Product development is a broad field of endeavour dealing with the design, creation, and marketing of new products. It involves modification of an existing product or its presentation, or formulation of an entirely new product that satisfies newly defined customers want or market niche. The textile industry is one of the world’s major industries and the knitwear industry is a substantial component of it. Knitwear garments are designed, manufactured and sold in a wide range of countries, and is the subject of a large amount of international trade.
Fashion changes very quickly, and continuously poses new challenges to resources and skills. The knitwear fashion market is also characterised by short life cycles, low predictability and high impulse purchasing. Many brands are responding to this by constantly introducing new collections. Because of this, the knitwear design process is subject to severe time pressures to develop new design ideas every time. The fashion of each season is defined by the garments that are created for it and the sources of inspiration used for them and new design must be able to catch the mood of the season. For all fashion-related products, the beginning of a new season in shops sets an unmovable deadline for delivery of the final products. Due to the requirements of production and the retail chains’ need to select co-ordinated collections, the design process for a season begins approximately one to two years before garments reach the shops.
Knitting fabric design is the making of a technically complex product corresponding to aesthetic considerations – the relationship between the appearance of a knitted structure and its structural characteristics is subtle and complex. Knitting is inherently difficult to describe, as no simple and complete notation exists. The knitting design process is shared by the designers, who plan the visual and tactile appearance of the garments, and the technicians, who have to realise the garment on a knitting machine. In current industrial practice knitting fabric design is a nearly a linear process. Two main participants share the knitting fabric design process: Knitted fabric designers and knitting machine technicians. These two elements need to be co-ordinated very effectively as the knitting design and sampling process is highly complex and there is a subtle interaction between the technical features of knitted fabric and its visual appearance. Normally, designers and technicians work on two or three seasons at once. While the designers are researching a new season the technicians sample the previous one.

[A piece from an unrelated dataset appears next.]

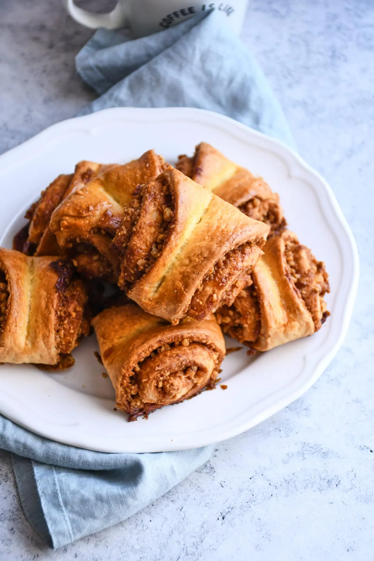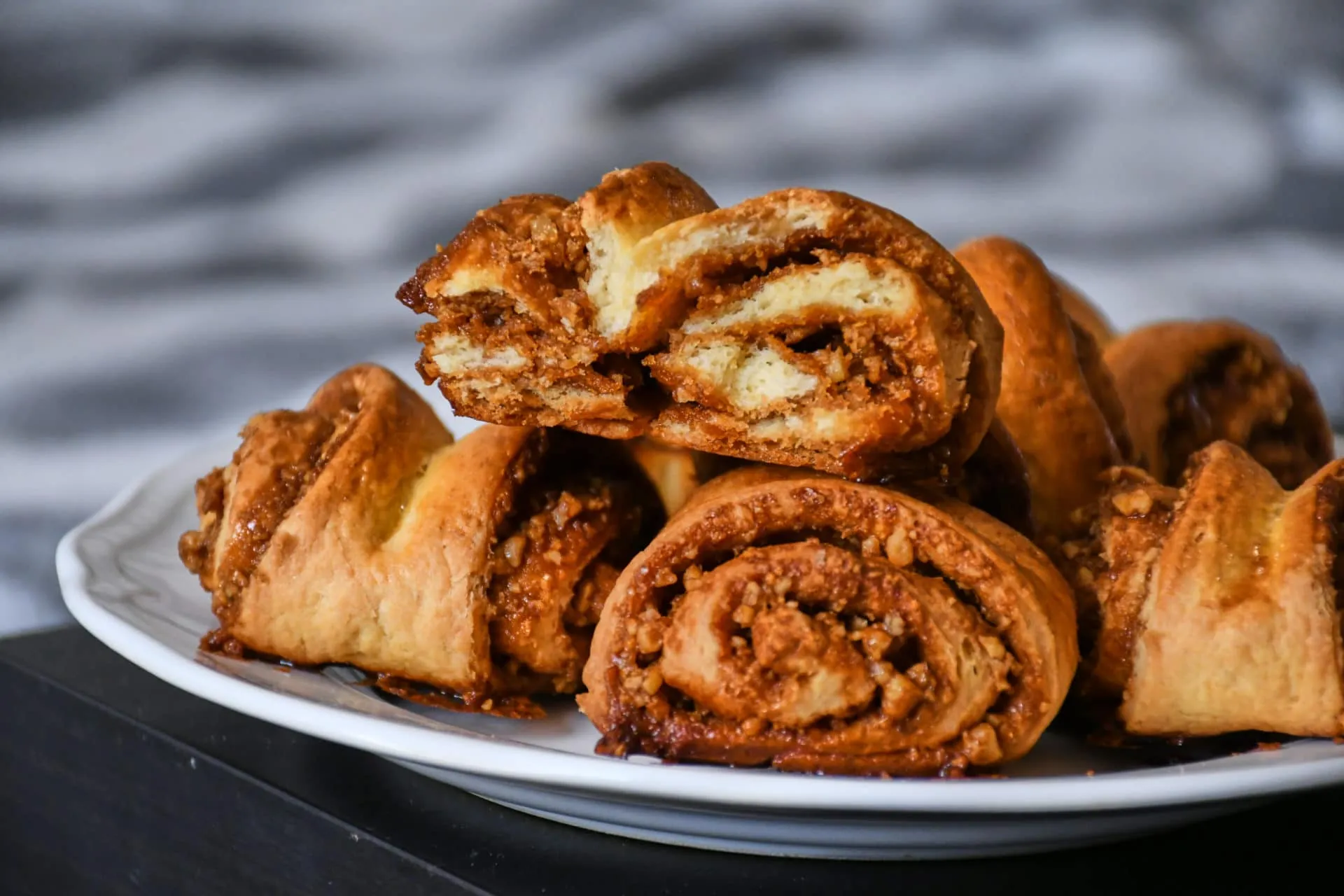 A tésztához a tejet meglangyosítjuk, beleszórjuk az élesztőt és egy kanál cukrot, elkeverjük, és hagyjuk pár percet pihenni. A maradék cukrot összekeverjük a sóval, a liszttel és a tojássárgákkal, majd mehet bele a felfuttatott élesztős tej. Elkezdjük összedolgozni a tésztát, majd hozzáadjuk a puha vajat, és jól bedagasztjuk. Letakarva 40-50 percig kelesztjük.
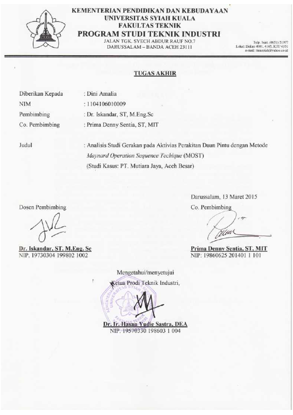 Dini Amalia, ANALISIS STUDI GERAKAN PADA AKTIVITAS PERAKITAN DAUN PINTU DENGAN METODE MAYNARD OPERATION SEQUENCE TECHNIQUE (MOST)RN(STUDI KASUS: PT. MUTIARA JAYA, ACEH BESAR). Banda Aceh Universitas Syiah Kuala,2015

The basic process of knitting fabric design development can be classified in two different ways, viz,
1. In house design and development
2. Knitted fabric development based on specification given by buyer
In house design and development
As figure 27.1 illustrates, the process starts with design research, which is nothing but gathering background information for design, including studying current and future fashion trends and it also defines the range of possibilities for designs within the scope of fashion and the intended target markets. The designers normally start working on a new season by researching the market, investigating the coming fashion trends and selecting the yarns used for all the garments in a season. It provides the sources of inspiration on which designs are based, and enables designers to relate their designs to the context of fashion. The quality of designs depends not only on the designers’ talents but also on the quality of their design research. Only extensive research enables designers to stay fresh and keep up-to-date with developments.
The result of this research process is to represent mood boards or theme boards, which present a collection of images and sketches of possible garments which defines the range for an upcoming season. At this point of time many fundamental design decisions are made before anybody thinks that design has happened. All the selected design for upcoming seasons will be checked by technical team to analyse the feasibility of the same or the production. If in case design is not feasible to produce then possibility of modification of the design will be checked. Once design is approved then it will go to technical team to analyse the technical specification of the design otherwise the design will be discarded.

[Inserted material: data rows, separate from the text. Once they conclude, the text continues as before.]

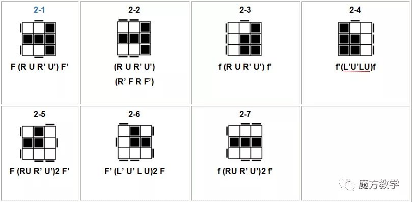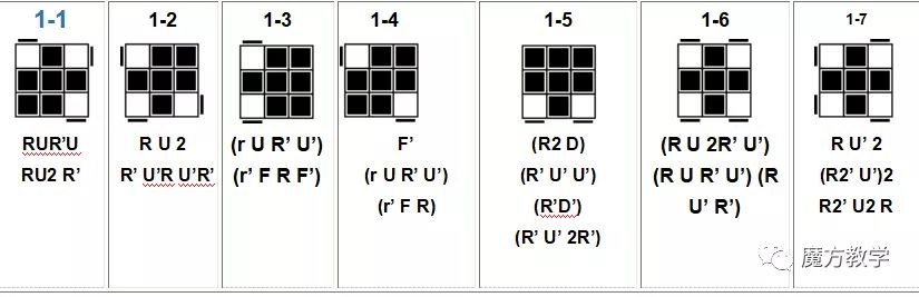 第一组是7个十字公式 这个也是必须要学会的,第二组就是RUR'U'以及镜像公式的运用 第三组是点状公式 第四组也很简单。
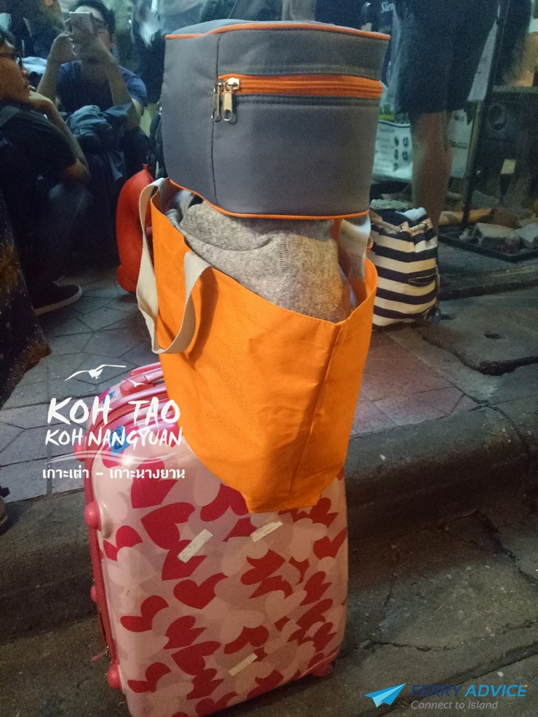 เมื่อเรา check in เรียบร้อยแล้ว เราจะได้ตั๋วรถ และตั๋วเรือ และสติ๊กเกอร์ ติดกระเป๋า เราต้องติดสติ๊กเกอร์ ที่กระเป๋านะค่ะ จะได้ระบุว่าเราลงที่เกาะไหน วันนี้เราไปเกาะเต่าสติ๊กเกอร์จะเป็นสีชมพู
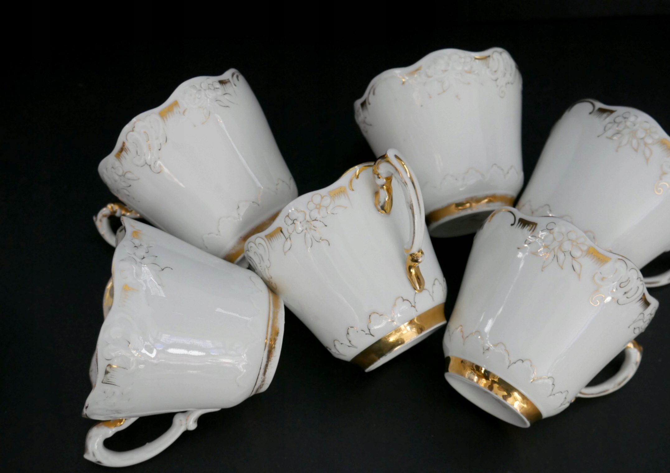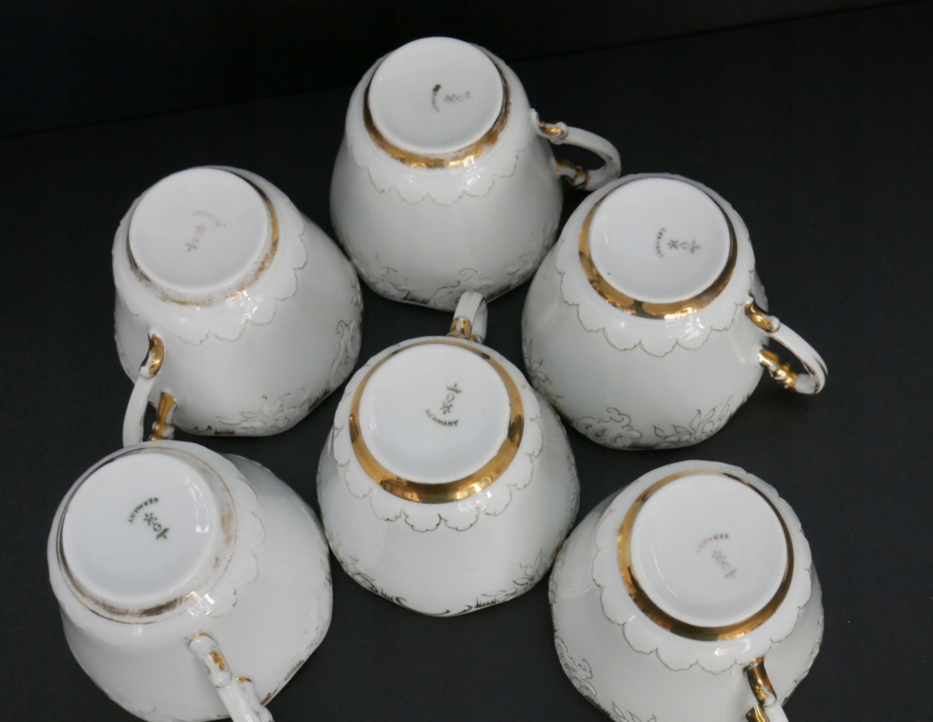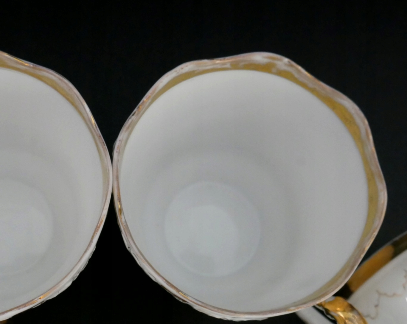 чашки поодинокі, мінімальні пошкодження по обідку 1-2 мм, деякі майже непомітні, 1 чашка - значні потертості до позолоти, 1 додаткова з дефектом, основи без видимих пошкоджень, 1 мінімальний скол збоку основи.

After finalising the technical specifications by the technical team for the particular design manufacturer will start developing process if the design can be made with the available machines or the design may be discarded. In case of acceptance, as per the design, yarn and the specific machine will be selected and sample will be prepared and after confirmation of the order by the buyer production can be started.
Knitted fabric development based on specification given by buyer
In this case, buyer provides the sample to the knitting fabric manufacturer. Manufacturer then discusses the possibility to develop the given knitted fabric design with the technician and production team. Manufacturer will start developing process if the design can be made with the available machines or the design may be discarded. In case of acceptance, as per the design, yarn and the specific machine will be selected and sample will be prepared.
Once sample is prepared then it will be checked for Design and GSM. For dyed fabric, sample dyeing can also be done in order to match the colour shed given by the buyer. It is also important to check the design after dyeing because some faults are prominent after dyeing. After, knitting and dyeing is finished then shrinkage, fastness and spirality test can be done.
After checking, if the sample is matching all the criteria with the buyer sample then the same can be submitted to the buyer and wait for approval. If in case prepared sample is not matching with the buyers sample then fabric manufacturer need to do the detailed analysis of the fault and redevelop the sample. Once the sample is approved and after order confirmation, manufacturer can start the bulk production.